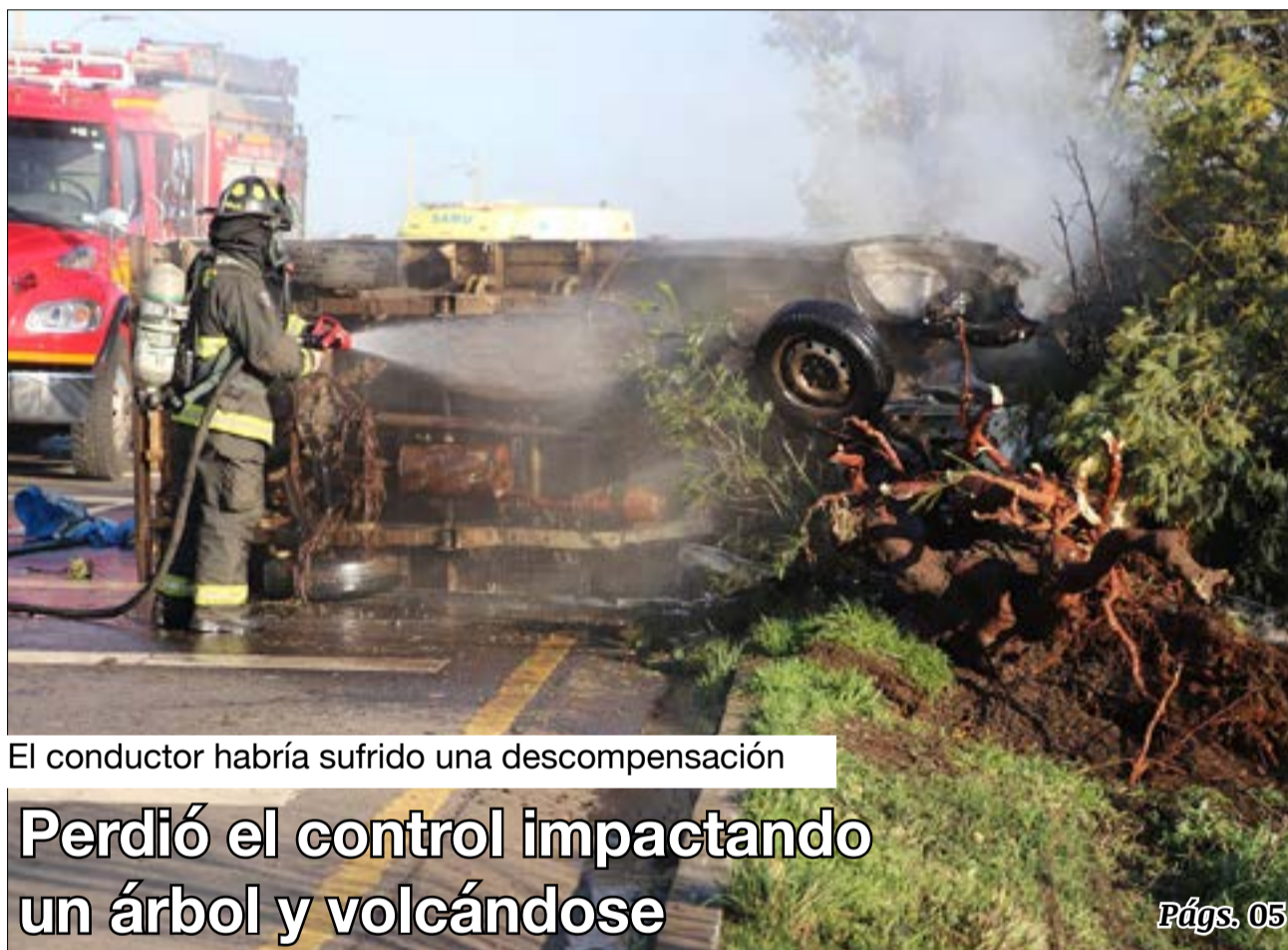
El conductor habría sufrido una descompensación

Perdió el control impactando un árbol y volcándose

* * *

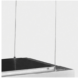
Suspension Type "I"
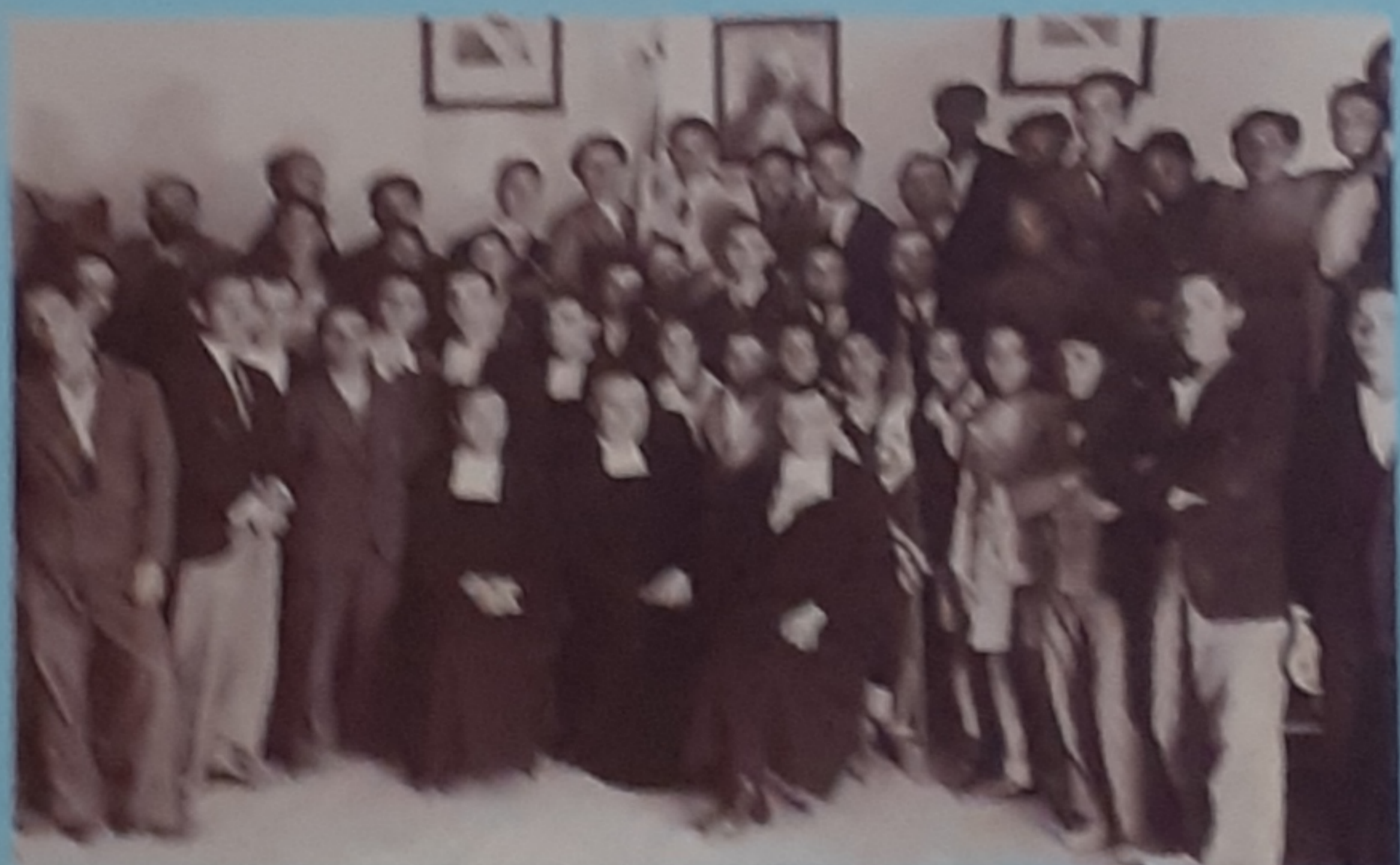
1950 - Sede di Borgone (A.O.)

WORK INSTRUCTION:
Could you repeat exactly the lines in the listing above from the one with "El conductor habría" down to the one with "Perdió el control"? Include both of those lines.

REPLY TO THE TASK:
El conductor habría sufrido una descompensación

Perdió el control impactando un árbol y volcándose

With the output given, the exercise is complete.